Lab Protocol: Carbohydrate Fermentation
- Prepare a Carbohydrate Broth.
- Aliquot 5 to 10 mL of broth into sterile test tubes.
- Invert and submerge a sterile Durham tube into each test tube, ensuring that it fills completely and that there is no air in the Durham tube.
- Loosely cap the tubes.
- Autoclave to sterilize. Let cool.
- Label each tube with the organism's name and type of sugar being used for fermentation.
- Aseptically inoculate each tube with the test organism using a sterile loop.
- Incubate the tubes at 37°C for 24 to 48 hours.

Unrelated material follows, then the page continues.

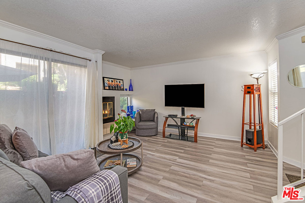 Two-level townhouse in a beautifully maintained gated community. Home has been upgraded tastefully throughout including a large kitchen with new cabinets & countertops, new modern flooring downstairs/kitchen/bathrooms, new hardwood flooring the master bedroom, new plush carpets on the stairs/hallways/2 bedrooms, and also includes new A/C and new Water Heater. Private patio and fireplace in the living room. Rare find with a private two-car garage and private laundry room! Community amenities include gated community guard, guest parking, manicured walkways, pool & spa.

- Observe and record results.
Carbohydrate Broth with 0.18% Phenol Red
- to 90 mL of distilled water, add the following
- 1.0 g Peptone
- 0.5 g NaCl
- 1.8 mL of a 1% Phenol Red stock solution
- 1.0 g of the specific carbohydrate to be tested
- mix until all components are dissolved (heat to boiling if required)
- adjust pH to 7.0
- adjust volume to 100 mL with distilled water
- autoclave at 121°C for 15 minutes to sterilize
- let cool
- store at 4°C
API Testing
In microbiology, API strips refers to the Analytical Profile Index (API), a standardized identification system used to identify bacteria and yeast based on their biochemical activities. Each API strip is composed of multiple chambers, called cupules, that are specific to a metabolic function or enzyme. A small aliquot of cellular suspension is added to each chamber and then incubated. The results are then analyzed and recorded. Based on the results, the microbe can be identified and classified. To read more about API testing, go to Chapter 7.2: Microbial Identification.

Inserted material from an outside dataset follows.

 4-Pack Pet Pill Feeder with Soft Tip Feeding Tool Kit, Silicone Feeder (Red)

Lab Protocol: API Test Strips
- Select a bacterial colony and prepare a bacterial suspension in sterile saline or sterile distilled water.
- a suspension of yeast cells can also be prepared
- Fill each cupule of the test strip with the cell suspension using a Pasteur pipette.
- anaerobic cupules should be covered with mineral oil
- Place the strip in its incubation tray and add a few drops of water to maintain humidity.
- Incubate at 37°C for 18–24 hours
- incubation times will vary by test panel and organism being tested
- Observe color changes in each well
- some cupules will require the addition of another reagents
- Record the pattern of positive/negative results.